Всё время, пока она говорила, Степан Павлович колотил в такт каблуком по полу.
Я сказала:
— Спасибо. История мне совершенно понятна, только девочки здесь при чём? Кто-то наколбасил…
Директор шумно выпустил из надутых щёк воздух.
— Вот интересные новости!.. Девчонки устраивают безобразие, а комсорг пристраивается к ним в хвост!
В дверях показалась его жена с миской в руках.
— Отведайте свеженькой капустки.
Увидев наши лица, она тихо поставила миску на стол и пошла прочь к плите.
Я ответила, что, по-моему, шестая группа защищает свои справедливые требования, но делает это неправильным, совершенно непозволительным путём.
— Какие такие у них могут быть требования! — сказал директор. — Кормим, поим, одеваем, обуваем…
Меня разобрала обида.
— А чего вы, Степан Палыч, всё время попрекаете их куском? Хлеб, между прочим, им даёт государство. А вот трактора не даёте вы.
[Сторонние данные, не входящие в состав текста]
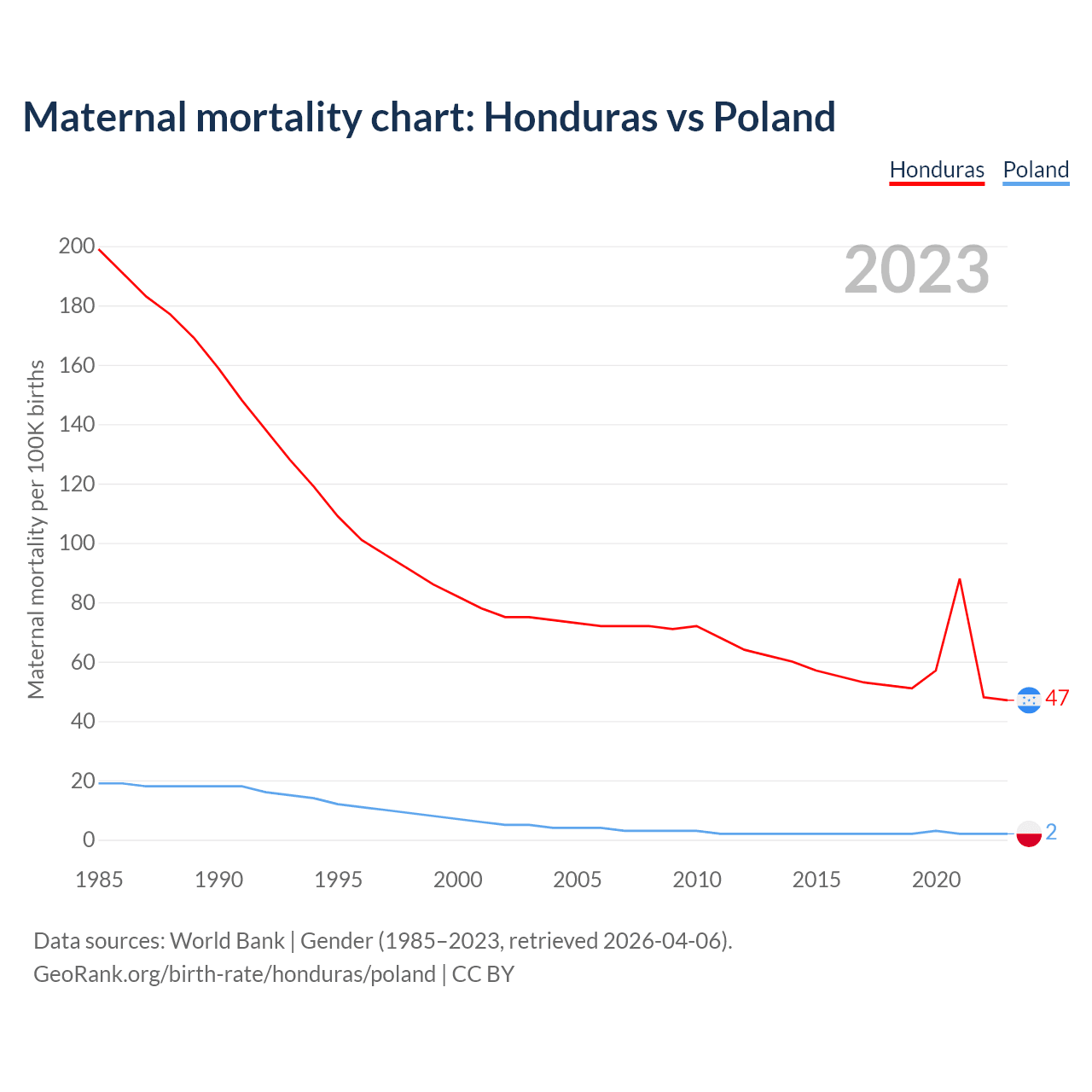 The maternal mortality rate, which is the probability of dying during childbirth or within 42 days of pregnancy termination, is 47 deaths per 100,000 live births in Honduras, compared to 2 deaths in Poland.

Это большая разница… Они не телята, что можно подвязывать им банты на хвосты…
— Какие банты? — спросила Вера Фёдоровна.
— А те, что специально для начальства привязывают коровам на скотном дворе.
У директора лоб сделался бурый, у Веры Фёдоровны — белый.
Она сказала:
— Я их даже не приметила, эти банты.
— Вы, может, и не приметили, а молодёжь обо всём составляет свою точку зрения.
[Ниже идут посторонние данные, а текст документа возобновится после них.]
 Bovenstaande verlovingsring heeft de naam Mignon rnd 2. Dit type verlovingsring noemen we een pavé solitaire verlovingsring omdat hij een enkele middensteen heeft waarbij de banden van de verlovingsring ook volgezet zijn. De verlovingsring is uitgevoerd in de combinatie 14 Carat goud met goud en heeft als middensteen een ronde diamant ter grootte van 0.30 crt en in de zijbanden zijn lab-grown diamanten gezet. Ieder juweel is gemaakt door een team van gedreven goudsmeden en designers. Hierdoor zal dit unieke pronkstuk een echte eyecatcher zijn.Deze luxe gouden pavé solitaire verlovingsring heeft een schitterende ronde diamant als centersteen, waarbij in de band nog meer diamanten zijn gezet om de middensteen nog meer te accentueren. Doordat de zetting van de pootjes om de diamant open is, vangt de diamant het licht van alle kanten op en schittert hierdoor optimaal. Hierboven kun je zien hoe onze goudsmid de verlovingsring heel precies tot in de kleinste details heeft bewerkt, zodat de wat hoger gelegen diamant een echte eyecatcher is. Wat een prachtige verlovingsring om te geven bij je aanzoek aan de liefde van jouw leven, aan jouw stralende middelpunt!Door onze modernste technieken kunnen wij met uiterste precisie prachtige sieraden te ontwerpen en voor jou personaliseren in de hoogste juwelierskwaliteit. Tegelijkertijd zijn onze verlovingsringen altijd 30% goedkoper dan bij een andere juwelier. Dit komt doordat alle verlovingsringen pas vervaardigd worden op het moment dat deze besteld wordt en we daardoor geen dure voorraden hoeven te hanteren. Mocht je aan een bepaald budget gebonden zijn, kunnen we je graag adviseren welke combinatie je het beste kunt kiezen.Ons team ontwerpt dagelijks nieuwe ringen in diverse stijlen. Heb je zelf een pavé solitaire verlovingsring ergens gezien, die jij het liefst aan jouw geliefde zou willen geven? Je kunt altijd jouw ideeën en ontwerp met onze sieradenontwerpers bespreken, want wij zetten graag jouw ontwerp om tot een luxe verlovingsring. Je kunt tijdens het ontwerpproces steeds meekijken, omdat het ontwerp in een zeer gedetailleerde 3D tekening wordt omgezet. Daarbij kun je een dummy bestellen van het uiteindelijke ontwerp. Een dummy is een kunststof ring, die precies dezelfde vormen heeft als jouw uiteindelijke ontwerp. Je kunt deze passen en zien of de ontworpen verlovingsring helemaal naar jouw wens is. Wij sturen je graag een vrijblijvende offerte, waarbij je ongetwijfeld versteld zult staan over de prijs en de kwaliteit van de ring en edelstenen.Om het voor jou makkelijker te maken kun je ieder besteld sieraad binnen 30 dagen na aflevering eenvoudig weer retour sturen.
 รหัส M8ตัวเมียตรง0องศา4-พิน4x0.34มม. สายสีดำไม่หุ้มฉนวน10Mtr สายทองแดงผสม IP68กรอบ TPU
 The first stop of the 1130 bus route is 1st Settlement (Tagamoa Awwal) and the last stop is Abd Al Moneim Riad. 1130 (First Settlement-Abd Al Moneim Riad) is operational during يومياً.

— Чересчур грамотные стали! — крикнул директор. — Ты сперва заработай на свою точку зрения…
— Кричать, Степан Палыч, совершенно ни к чему, — остановила его Вера Фёдоровна. — Товарищ комсорг молода, неопытна, и наш долг — разъяснить её заблуждения. Клавдия Петровна, несомненно, путает государственный подход к делу с личным. Шестая группа механизаторов в данном конкретном случае противопоставила свои интересы — общественным. Комсомолец не имеет морального права думать только о себе. Разве сотни тысяч комсомольцев, по первому зову отправившиеся на целину, не пренебрегали подчас собственной выгодой, удобствами, карьерой во имя общих интересов? Разве наши молодые полярники, рискующие жизнью на дрейфующих льдинах…
Меня стало укачивать.
Распялив глаза, я смотрела Вере Фёдоровне в рот, чтобы не обидеть её, и она на моих глазах то увеличивалась до потолка, то уменьшалась, словно я пролетала мимо неё на качелях.
Директор снова барабанил каблуками по полу.
Лучше бы уж она молчала, а он орал на меня, тогда я знаю, как отвечать; а когда мне говорят такие слова, какие произносила своим ровным голосом, в нос, Вера Фёдоровна, то я всегда немножко теряюсь, все слова в отдельности очень сильные, и картина из них получается крупная, но зато и девчонки, и я сама выходим по сравнению с этими словами, как букашки. До того я при этом становлюсь букашкой, что даже неохота руками шевелить: никто всё равно меня не заметит и совершенно никакого значения я не имею.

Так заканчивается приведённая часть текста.